At first, I was incensed. How could they do this? What a typically bureaucratic, cost-saving move? (I admit I had forgotten it was April 1.)

I meant to blog about the situation that night but got busy. Later, when I did a search, I discovered it the whole thing was a lame joke.

Now first off, let me applaud CBC’s efforts at jocularity.

But second, I’d like to charge them with the heinous crime of attempted humour (without a license).

The premise of the joke was good. But oh, the delivery… It was too earnest and low-key; in other words it had the standard CBC tonality we Canadians are supposed to appreciate after we turn 40. That’s a right of passage, eh?

There was no signal of silly (i.e. a nearly hysterical bureaucrat), no frustration on the part of the interviewer, no absurd pronouncements, no delicious irony. In order to make people laugh, we need to sense a twinkle, a hint of mischief, a face full of pie. Otherwise, we miss the nuance.

Perhaps CBC needs to tune into itself and adjust its blandwidth. And maybe then, the next time it starts a joke, the world might catch on and start laughing (or at least crack a smile).

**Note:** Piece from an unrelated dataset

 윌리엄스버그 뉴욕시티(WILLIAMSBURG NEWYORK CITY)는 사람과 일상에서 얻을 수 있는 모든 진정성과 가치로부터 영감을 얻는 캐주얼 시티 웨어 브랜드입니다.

And by the way, can someone please tell them they don’t need the cover of April Fool’s Day to be witty.

Is blogging hazardous to your health?

The New York Times says it may be. Robert Scoble contends it’s worth the risk.

I think this entire story is a little nuts; a hilarious example of the pedestal we, in the social media scene, are placing on communications 2.0.

I mean, we’re not talking heroin here, or even addiction to cigarettes or alcohol.

Sure, on a personal level the fact that two prominent bloggers died from heart attacks is sad.

But c’mon people, this is hardly an epidemic worthy of front page coverage in the most venerable of dailies. I ask you what job is without stress and deadlines? And who could argue that numerous occupations aren’t far more high-pressure than blogger (e.g. surgeon, police officer, firefighter, waiter, bartender, to name but a few).

The so-called 24/7 stress syndrome some bloggers experience is more likely caused by a manufactured sense of self-importance than anything else.

We may spend too much time here (hey, this is my third post of the day), but, quality of content aside, the blogosphere is hardly a physically toxic pursuit. It’s mostly about reflecting, researching, reading and writing.

If this isn’t proof of a slow news day, I don’t know what is.